1. There is no metadata record of the target.
1. The target errored last run.
1. The target has a different class than it did before.
1. The cue mode equals `"always"`.
1. The cue mode does not equal `"never"`.
1. The `command` metadata field (the hash of the R command) is different from last time.
1. The `depend` metadata field (the hash of the immediate upstream dependency targets and global objects) is different from last time.
1. The storage `format` (user-specified with `tar_target()` or `tar_option_set()`) is different from last time.
1. The storage `repository`` (user-specified with `tar_target()` or `tar_option_set()`) is different from last time.
1. The `iteration` method (user-specified with `tar_target()` or `tar_option_set()`) is different from last time.
1. A target's file (either the one in `_targets/objects/` or a dynamic file) does not exist or changed since last time.
1. The target-specific random number generator seed is different from last time.
A target's dependencies can include functions, and these functions are tracked for changes using a custom hashing procedure. When a function's hash changes, the function is considered invalidated, and so are any downstream targets with the `depend` cue turned on.
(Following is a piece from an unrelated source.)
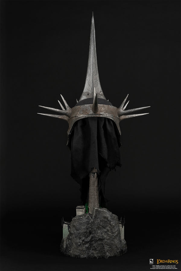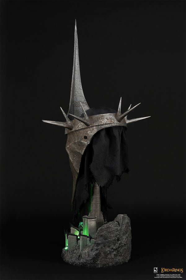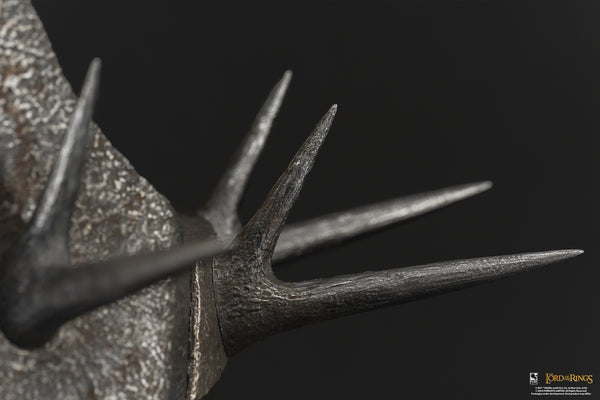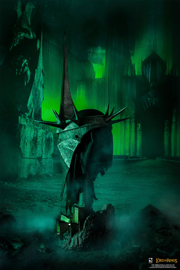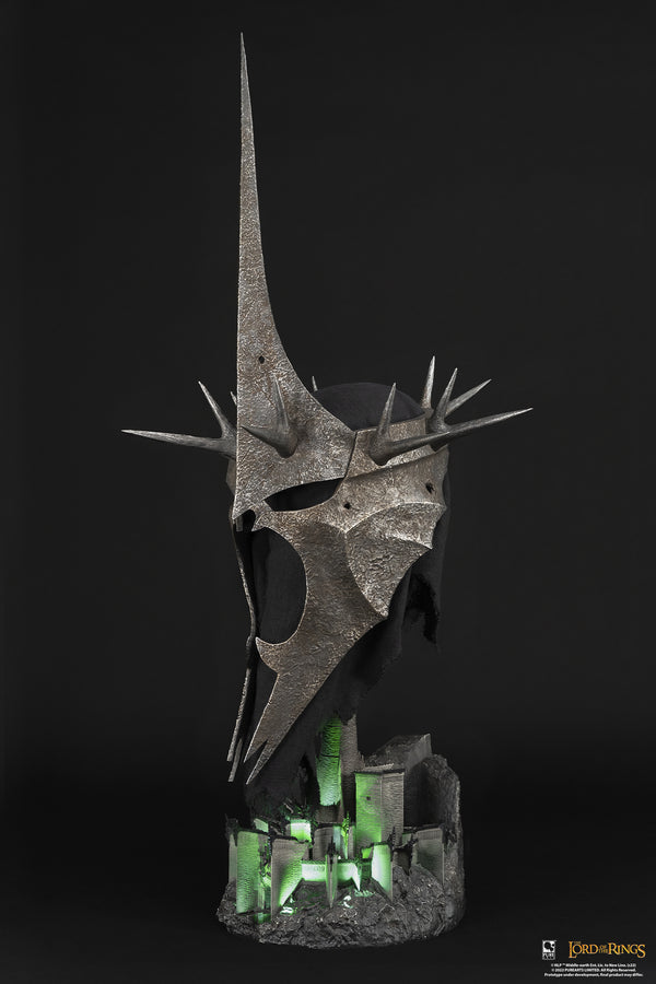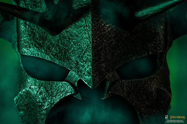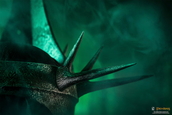 Le deuxième volet de notre série Le Seigneur des Anneaux, l'édition exclusive extrêmement limitée du masque artistique 1:1 du Roi-Sorcier d'Angmar est un style de buste incontournable à collectionner pour tous les fans de LOTR. Mesurant un peu moins de 3 pieds de haut, ce casque massif est perché sur une tour de sorcellerie étrangement éclairée à Minas Morgul.

The `targets` package computes the hash of a function in the following way.
1. Deparse the function with `targets:::safe_deparse()`. This function computes a string representation of the function that removes comments and standardizes whitespace so that trivial changes to formatting do not cue targets to rerun.
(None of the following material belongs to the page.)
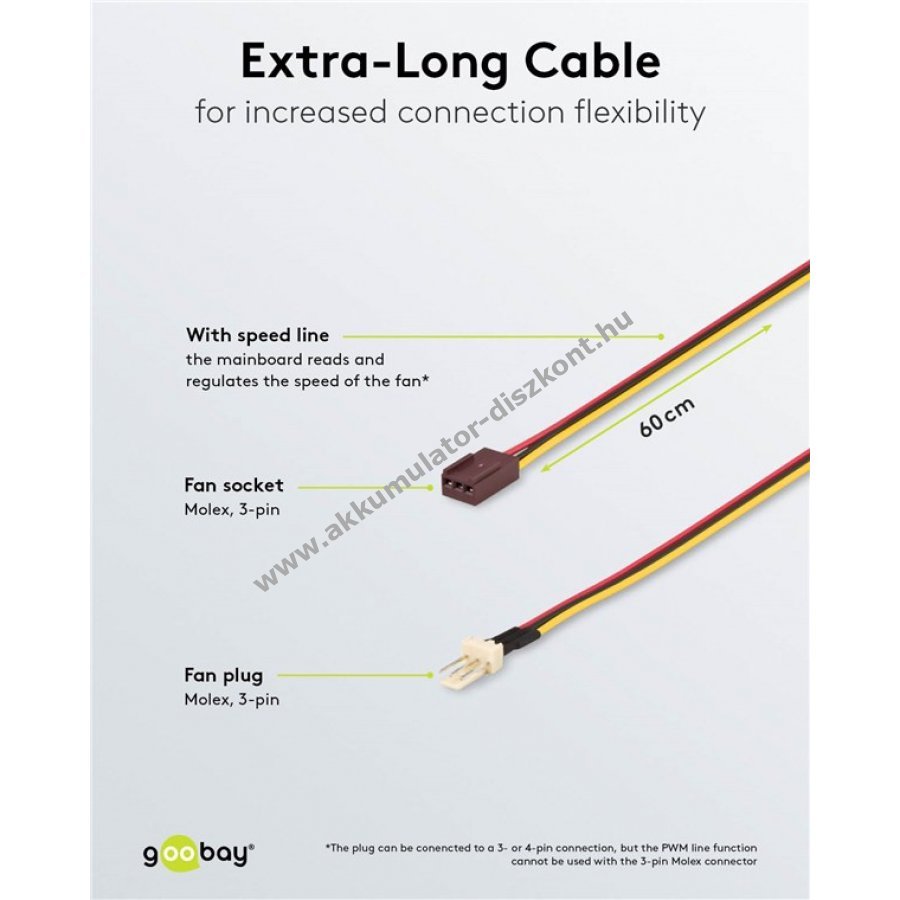 Hosszabbító kábel PC ventilátorok tápellátásához tápegységhez és alaplaphoz. A 3 tűs csatlakozó lehetővé teszi a ventilátor fordulatszámának olvasását és szabályozását az alaplapon. Kompatibilis 3 vagy 4 tűs csatlakozóval, PWM funkció nem támogatott. 1x 3 tűs Molex csatlakozó 1x 3 tűs Molex aljzatra, 1:1 bekötéssel. Extra hosszú 0,6 m kábel nagyobb rugalmasságot biztosít a PC házban való csatlakoztatáskor.

1. Manually remove any literal pointers from the function string using `targets:::mask_pointers()`. Such pointers arise from inline compiled C/C++ functions.
1. Compute a hash on the preprocessed string above using `targets:::digest_chr64()`.
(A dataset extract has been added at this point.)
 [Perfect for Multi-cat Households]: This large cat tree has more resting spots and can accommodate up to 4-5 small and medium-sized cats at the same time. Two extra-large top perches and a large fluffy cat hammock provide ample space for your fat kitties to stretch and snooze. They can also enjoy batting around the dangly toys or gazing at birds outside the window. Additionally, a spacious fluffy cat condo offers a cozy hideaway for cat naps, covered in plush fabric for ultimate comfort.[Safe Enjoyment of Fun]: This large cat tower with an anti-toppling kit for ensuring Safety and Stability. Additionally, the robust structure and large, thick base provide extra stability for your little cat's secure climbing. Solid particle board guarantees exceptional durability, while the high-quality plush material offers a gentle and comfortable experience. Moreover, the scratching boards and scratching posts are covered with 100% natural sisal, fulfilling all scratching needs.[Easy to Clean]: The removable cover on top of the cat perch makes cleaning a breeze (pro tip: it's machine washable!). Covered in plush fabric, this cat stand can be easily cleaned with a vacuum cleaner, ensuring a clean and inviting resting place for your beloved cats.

Those functions themselves have dependencies, and those dependencies are detected with `codetools::findGlobals()`. Dependencies of functions may include other global functions or global objects. If a dependency of a function is invalidated, the function itself is invalidated, and so are any dependent targets with the `depend` cue turned on.
## Databases
`targets` manages `_targets/meta/progress` and `_targets/meta/meta` with an internal `database` class, which has methods to read, write, and deduplicate entire datasets as well as row-append records for individual targets. To maximize performance, `targets` uses `fread()` and `fwrite()` from `data.table` when working with entire databases and `base::write()` to append individual rows. The `database` class also supports and internal in-memory cache in order to avoid costly interactions with storage.
Internal classes `progress` and `meta` each have a `database` object and methods specific to the use case. And for additional safety, the `record` class encapsulates and validates individual rows of metadata.